Истинная вина жестокого ректора-Дракона (СИ), стр. 4

Мэйрин медлит, затем произносит:

— Несут всякую чушь: от «украла накопитель» до «сама разделась перед ректором». Выбор богатый.

Я резко вдыхаю.

— Я помню только обрывки, — говорю спокойно. — Если честно, мне всё равно, как они это назовут. Я была не в том состоянии, чтобы что-то анализировать. И ничего подобного со мной никогда не было.

— Все пересказывают с чужих слов.

Она вздыхает, сжимая фуражку.

— Есть ещё кое-что…

Я напрягаюсь.

— Аурелия вчера перевели в штабную аналитику. Приказ пришёл вечером.

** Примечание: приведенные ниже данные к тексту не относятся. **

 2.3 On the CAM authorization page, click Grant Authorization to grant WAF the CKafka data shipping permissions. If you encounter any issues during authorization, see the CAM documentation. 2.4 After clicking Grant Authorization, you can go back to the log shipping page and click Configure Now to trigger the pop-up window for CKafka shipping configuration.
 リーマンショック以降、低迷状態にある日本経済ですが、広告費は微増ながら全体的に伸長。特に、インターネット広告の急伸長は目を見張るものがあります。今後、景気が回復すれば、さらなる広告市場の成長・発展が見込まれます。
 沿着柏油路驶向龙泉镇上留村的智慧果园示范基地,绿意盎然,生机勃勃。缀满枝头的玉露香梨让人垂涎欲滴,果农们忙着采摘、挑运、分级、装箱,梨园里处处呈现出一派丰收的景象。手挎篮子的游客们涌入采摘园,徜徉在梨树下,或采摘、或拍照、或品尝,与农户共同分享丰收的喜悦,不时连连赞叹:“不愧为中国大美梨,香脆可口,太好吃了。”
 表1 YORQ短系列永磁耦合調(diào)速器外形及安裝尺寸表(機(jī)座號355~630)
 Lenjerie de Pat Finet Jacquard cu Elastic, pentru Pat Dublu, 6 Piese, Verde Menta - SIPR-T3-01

Слова ударяют резко. Не больно — неприятно. Как холодная вода под кожу.

Я молчу слишком долго.

В голове вспыхивает одно-единственное: по чьей подаче?

— Морстейна? — спрашиваю я ровно.

Мэйрин не отвечает сразу. И этого хватает.

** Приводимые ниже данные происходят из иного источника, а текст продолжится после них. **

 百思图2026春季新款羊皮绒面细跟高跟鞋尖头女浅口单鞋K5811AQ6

— Понятно, — тихо говорю я.

Внутри поднимается глухая, вязкая злость и непонимание. Он решил что мне теперь не место на виду? И взял Аурелию, вместо меня?

Не понимаю.

Это должно меня радовать, но мне — против воли — неприятно, чувствую почти предательством. Почему это задевает меня так сильно? Что выбрали не меня…

Остановись Фрэнс.

Так и должно быть.

Я смотрю в стену, потом снова на неё.

Ненавижу Морстейна. И хуже всего, эта ненависть не делала меня свободнее, она держала меня цепями.

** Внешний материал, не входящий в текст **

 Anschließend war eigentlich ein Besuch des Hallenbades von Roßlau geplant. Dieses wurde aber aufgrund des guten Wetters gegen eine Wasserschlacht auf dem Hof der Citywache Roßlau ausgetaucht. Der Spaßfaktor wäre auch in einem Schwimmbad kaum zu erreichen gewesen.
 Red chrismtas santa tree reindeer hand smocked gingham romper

Как этот проклятый контур, что давит вызывая волну слабости.

Жёстко гасит мою силу.

Мэйрин делает тяжёлый, длинный вдох после недолгого молчания, будто на что-то не могла решиться до последнего.

Её пальцы теребят край фуражки. Она не просто встревожена. Она выглядит так, будто несёт в себе живую гранату с выдернутой чекой.

Я вижу, что её что-то беспокоит

И вдруг ледяная мысль пронзает туман слабости: Мэйрин пришла не просто так.

Но тогда зачем?

— Фрэнс, — начинает она и нервно облизывает пересохшие губы. — Вчера… вчера у меня был разговор. С… Аурелией Лебланд.

Воздух вырывается из моих лёгких. Всё внутри замирает.

Я немею, не в силах вымолвить ни звука, только сжимаю край простыни влажными пальцами.

Мэйрин меряет меня тревожным, почти испытующим взглядом — будто ищет во мне ответ.

И продолжает, выталкивая слова с усилием:

— Она подошла ко мне после тренировок. И сказала… “Я бы на твоём месте была осторожнее. Такие, как ты, долго не выбирают. Решай, за “зеленую” — или за мундир Авангард”.

Я задерживаю дыхание всего на миг, ровно настолько, чтобы понять, перед каким выбором поставили Мэйрин.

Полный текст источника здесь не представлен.